[Data]

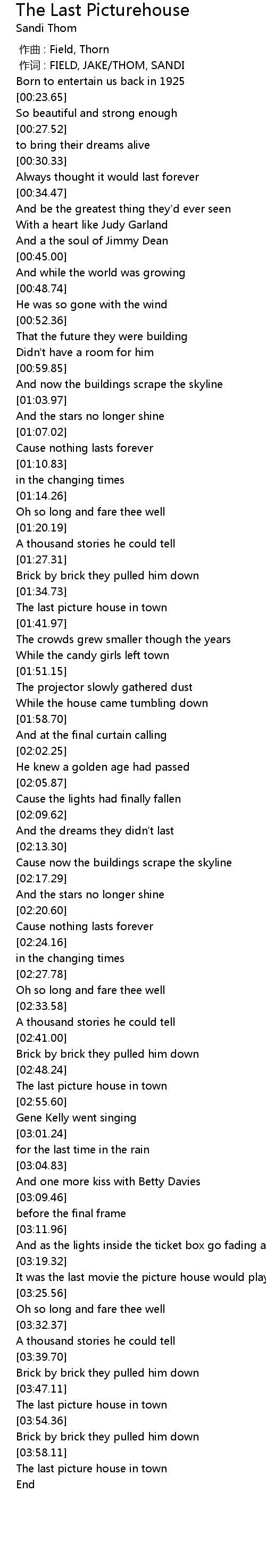| [03:20.70] | It was the last movie the picture house would play |
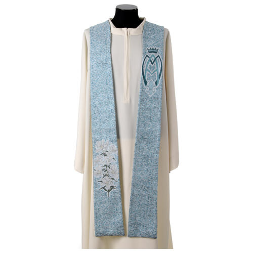 Stuła błękitna w szpic, z dekoracjami w kształcie symbolu Maryjnego i lilii.
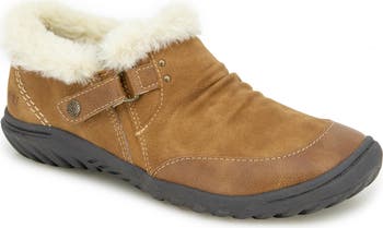Fuzzy faux fur lines this slip-on fitted with a side buckle strap and elevated by a water-resistant finish.

[/Data]

Task prompt → Reproduce all of the material above word for word. Omit the pictures.

Your solution →
| [03:20.70] | It was the last movie the picture house would play |
 Stuła błękitna w szpic, z dekoracjami w kształcie symbolu Maryjnego i lilii.
Fuzzy faux fur lines this slip-on fitted with a side buckle strap and elevated by a water-resistant finish.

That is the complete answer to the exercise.